Common clinical questions about AZMIRO vs ATIVAN, answered by our medical review team.
AZMIRO is a Anticonvulsant that works by Azmiro is a selective estrogen receptor modulator (SERM) that competitively inhibits estrogen binding to estrogen receptors in target tissues, thereby modulating estrogenic effects.. ATIVAN is a Benzodiazepine that works by Benzodiazepine that potentiates GABA-A receptor activity by increasing the frequency of chloride channel opening, leading to neuronal hyperpolarization and inhibition.. They differ in pharmacokinetic profiles, FDA-approved indications, and side effect profiles.
Potency comparisons between AZMIRO and ATIVAN depend on the specific clinical indication. These are agents from distinct pharmacological classes and are not directly interchangeable by dose. A physician or clinical pharmacist should guide any therapeutic switching decisions.
The standard adult dose of AZMIRO is: Administer 600 mg intravenously over 60 minutes every 8 hours for 7-14 days.. The standard adult dose of ATIVAN is: 2-3 mg orally divided 2-3 times daily; up to 10 mg/day. IV: 2 mg slow IV push, may repeat in 1-2 hours; max 10 mg/day. IM: 0.05 mg/kg (max 4 mg) 2-4 hours before procedure.. Dosing should always be individualized based on indication, renal and hepatic function, age, and other patient factors.
No direct drug-drug interaction has been formally documented between AZMIRO and ATIVAN in current clinical databases. However, individual patient risk factors including other medications, organ function, and comorbidities should always be evaluated by a qualified healthcare provider.

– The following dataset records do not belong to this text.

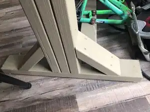 Our final design features an adjustable table with a pedal system. The desk has two main legs attached to parallel runner boards on the bottom, giving the desk a strong base. The middle board is attached to the bottom of the table top and fits snuggly in between the previously said two main legs. The legs have five preset heights that utilize four nuts and bolts, to hold its position. To adjust the table, two wrenches and a rubber mallet will be provided to our client representative to aid in adjusting the nuts and bolts. In addition there are a total of eight 45 degree angle support boards that make the table top and bottom runner boards sturdy. As for the pedal system, it is a recycled bike frame secured to two boards with copper brackets as a base. The pedal system is easily detachable, but sturdy enough to stay in place when in use. As for the table top, it was created with a piece of plywood on the bottom for strength, then another was painted with whiteboard paint and screwed on top. A ¼" piece of trim also runs along the perimeter to keep things from rolling off.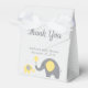 Use our yellow and grey elephant themed baby shower favour boxes with ribbon to package your shower favours in a cute and easy way.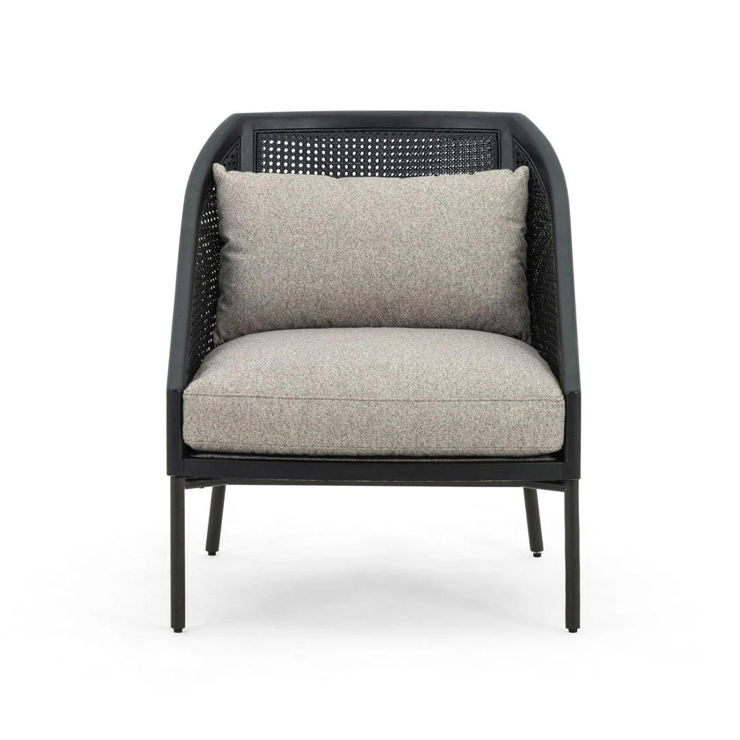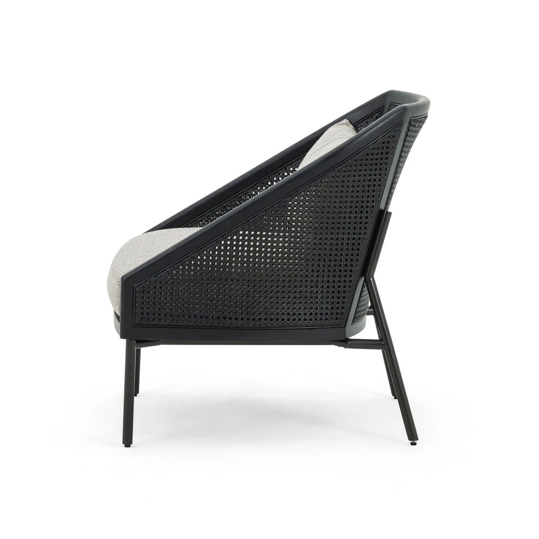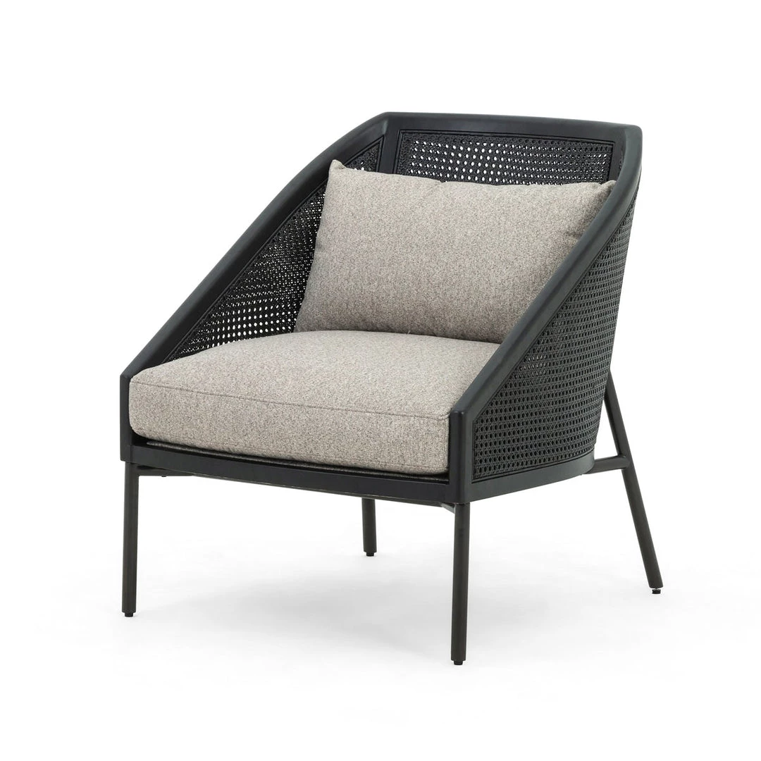The right angle. A modern, material-driven take on a classically sleek silhouette, slim iron legs and textural black rattan, framed out by solid FSC-certified rubberwood. With plush feather-blend cushioning for guaranteed comfort. Perfect for a covered patio.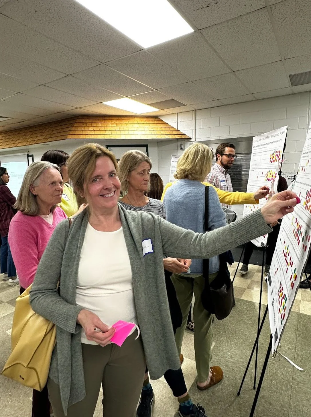 And Stowe delivered. Over 100 people packed the room at Stowe High School on a spring evening, far exceeding expectations. The atmosphere was vibrant with community members engaging in thoughtful conversations about housing needs and solutions. Attendees moved through a U-shaped layout of interactive stations we created, writing down their hopes and concerns, weighing in on housing strategies, and even placing dots on a map to show where new homes could go. It wasn’t just about input, it was about ownership, education, and connection.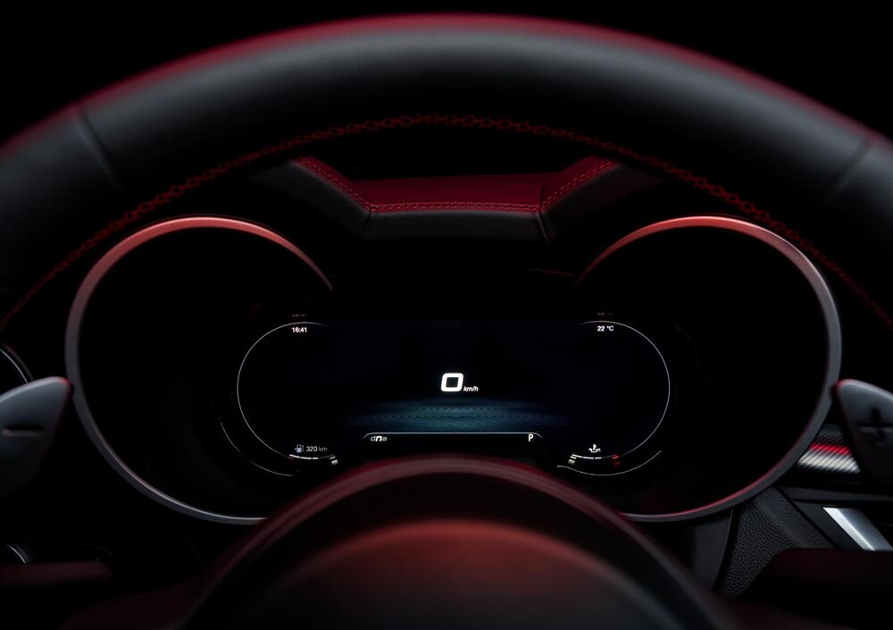 Binocolo (tecnicamente più corretto) o cannocchiale che dir si voglia, la nuova strumentazione per le top di Alfa Romeo è sopratutto digitale ma con un'impronta variamente configurabile: Evolved rappresenta la visione delle Alfa del futuro, più importanza all'area centrale delle informazioni pur mantenendo i quadranti laterali. Relax, poche cose ma essenziali e via i quadranti a fianco e infine Heritage, la più bella, senza dubbio, che ha pure i numeri invertiti sull'estremità finale del tachimetro, omaggio ai modelli degli anni '60 e '70.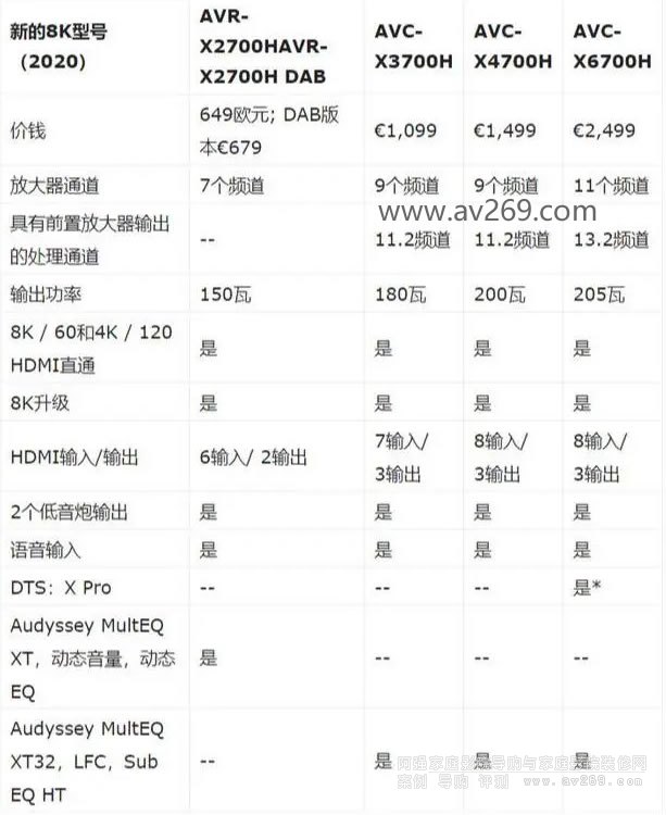 X系列2020的所有AVR的最重要功能及其價格和進入市場的日期可以在概述中找到: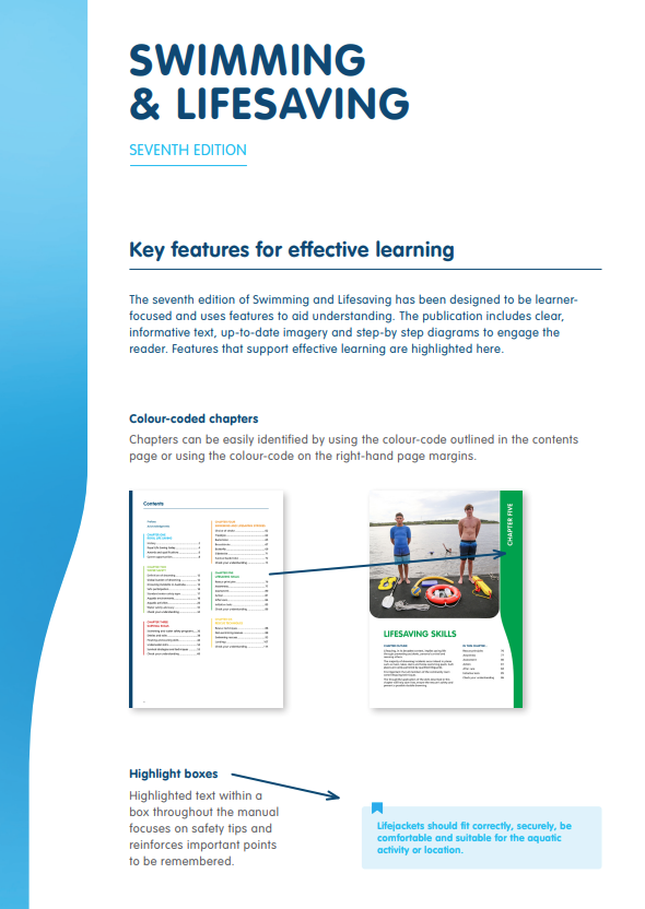 Swimming & Lifesaving 7th Edition is the most comprehensive and informative resource for water safety education available.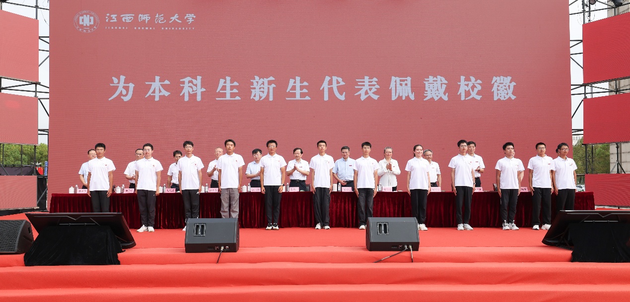 赣水含情迎新生,瑶湖生辉启新程。9月27日上午,学校2025级新生开学典礼在正大广场隆重举行。 校党委书记朱小理,校长陈芬儿院士,校领导汪洋、姚弋霞、舒平贵、周利生、刘利民、钟业喜,校党委常委曹泽华、王一喜出席。学校各党政管理部门、业务单位、相关附属机构负责人,各学院主要负责人、党委副书记、新生辅导员、新生助导员,以及2025级全体新同学共万余人参加。典礼由校党委常委、副校长董圣鸿主持。 正大广场新生方阵整齐就坐,精神饱满;印有“新程已启,逐梦前行”“大鹏一日同风起,扶摇直上九万里”等字样的条幅分列两侧,迎风飘扬。 上午8时30分,在军乐团铿锵的乐声中,全体师生齐唱国歌,注视着五星红旗冉冉升起,典礼庄严启幕。 仪式上,校领导分别为2025级本科生、硕士研究生和博士研究生代表佩戴校徽,勉励同学们践行“静思笃行、持中秉正”的校训精神,在课堂中学真知,在实践中悟真理,在服务社会中显担当,让师大卓越基因代代相传,生生不息。 陈芬儿以《不惧路遥笃行未来——做有情怀、有抱负、有作为的师大人》为题致辞,勉励同学们要有“胸怀家国”的情怀、“志存高远”的抱负、“脚踏实地”的作为,并深情寄语青年学子,用勤奋丈量生活轨迹,以踏实铺就学业与学术阶梯,将个人理想融入时代洪流,与学校“双一流”建设征程同向同行,奋楫争先,努力书写无愧于自己、无愧于师大、无愧于时代的青春年华! 1984届化学系校友、和美药业股份有限公司董事长张和胜,教师代表、新闻与传播学院教授、博士生导师袁爱清,新生代表公费师范生院2025级英语专业本科生熊雅文、地理与环境学院2025级地理学专业博士研究生年柏翰先后发言。 典礼在齐唱校歌的旋律中结束。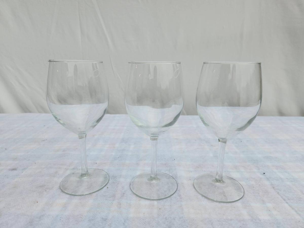 Three clear glass wine goblets featuring a classic design with smooth, rounded bowls and sturdy stems. All pieces are uniform in size and shape, crafted for wine service or display. Condition is good with no visible chips or cracks. Suitable for everyday use or as a simple addition to a glassware collection.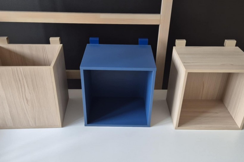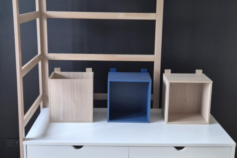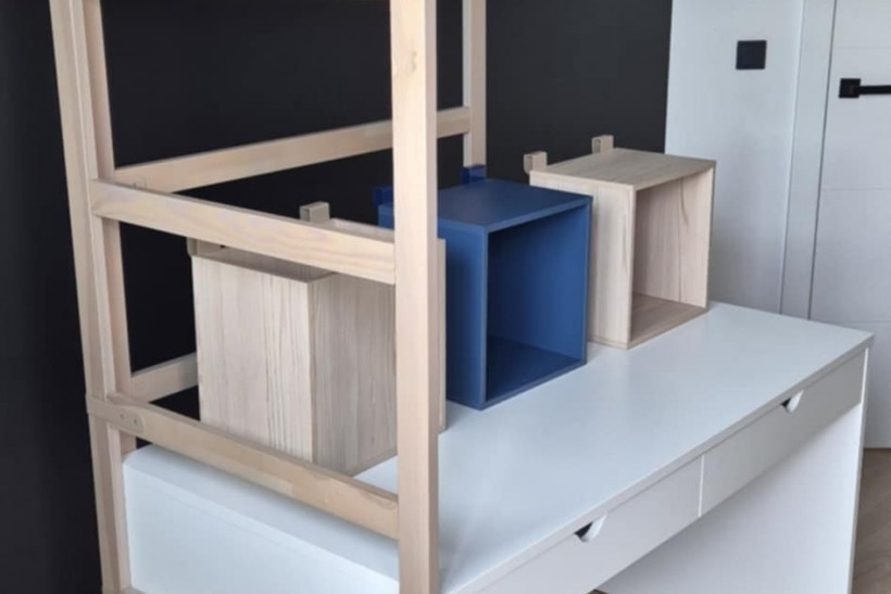 Drewniana drabinka będąca elementem konstrukcyjnym biurka może pełnić szereg praktycznych funkcji. Można zawiesić na niej kolorowe skrzynki i jeansowe organizery, które wesprą dobrą organizację. Tablica korkowa pozwoli przyczepiać notatki, a przejrzenie się umożliwi okrągłe lustro. Dobierając dedykowane akcesoria, łatwo dopasować mebel do swojego gustu i potrzeb.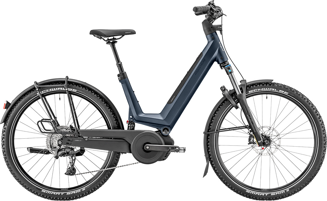 MOUSTACHE Samedi 27 Xroad 6 FS je vrcholem modelové řady Xroad – plně odpružené trekingové elektrokolo připravené na dobrodružství ve městě i mimo něj. Srdcem kola je motor Bosch Performance Line CX 5. generace s točivým momentem až 100 Nm, který si poradí i s náročným stoupáním. Baterie s kapacitou 600 Wh je plně integrována do rámu a zajišťuje spolehlivý dojezd. Komfort zvyšuje odpružená vidlice SR Suntour se zdvihem 120 mm a zadní tlumič Magic Grip Control s propracovanou kinematikou rámu. Moderní kokpit je vybaven barevným displejem Bosch Kiox 500. Samozřejmostí je praktická výbava pro každodenní použití – nosič MIK HD, integrované blatníky, výkonné světlo Trelock a příprava pro rámový zámek a Moustache Protect Option.
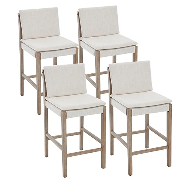 Janoray Mid Century Modern 26" Counter Bar Stools Set of 4, Farmhouse Upholstered Wooden Counter Height Barstools with Footrest for Kitchen Island/Home Bar/Balcony/Cafe, Linen White - Set of 4 - White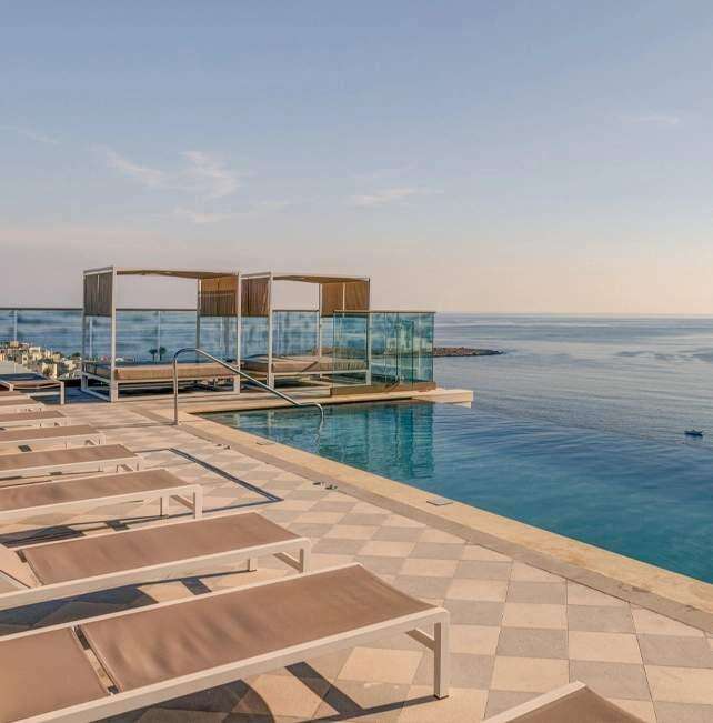 2023-ban felújított 600 szobával rendelkező, elegáns kialakítású, modern, rendkívül népszerű AX Odycy strandhotel ideális helyen, a tengerparti út mentén épült, szemben a kristálytiszta tengerrel, kilátással a Salina Bayre.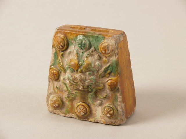 Ornament, vierhoekig, met gleuf en decor van masker en noppen (Nederlands)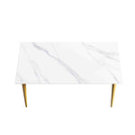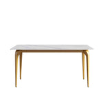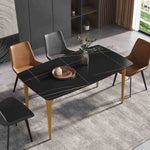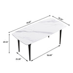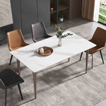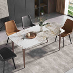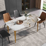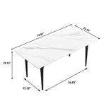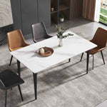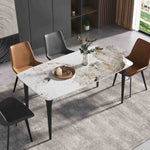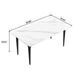 Luxury 63"-70.87'' Rectangular Dining Table for 4-6, Elegant Texture Marble Tabletop, Minimalist Carbon Steel Leg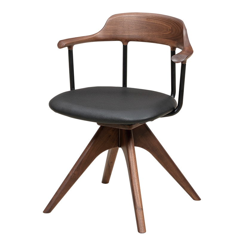 無駄を省いたスタイリッシュなフォルムは、様々なテイストのダイニングテーブルと合わせやすく、空間を選びません。座面は360度回転するため、着席時や離席時の動作が非常にスムーズ。
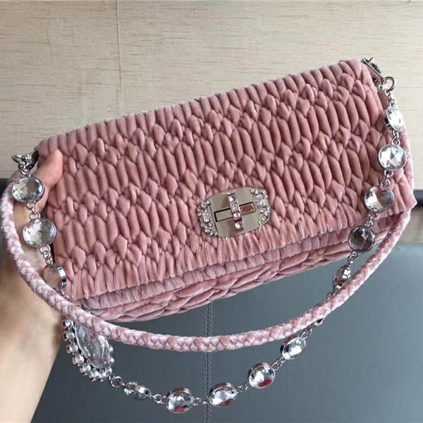 5BD233 MIUMIU繆繆 專柜新款 天鵝絨 仿水晶鉆石 鏈條包 粉色

The maternal-fetal safety profiles differ. AZMIRO is classified as Category C. No human data; animal studies not conducted. Avoid in pregnancy unless benefit outweighs unknown risks. FDA Pregnancy Category N (not classified).. ATIVAN is classified as Category C. First trimester: Increased risk of oral clefts (odds ratio 1.5–2.0); second and third trimesters: Risk of hypotonia, respiratory depression, and withdrawal symptoms in neonate; avo. Always consult a maternal-fetal medicine specialist before taking either drug during pregnancy or lactation.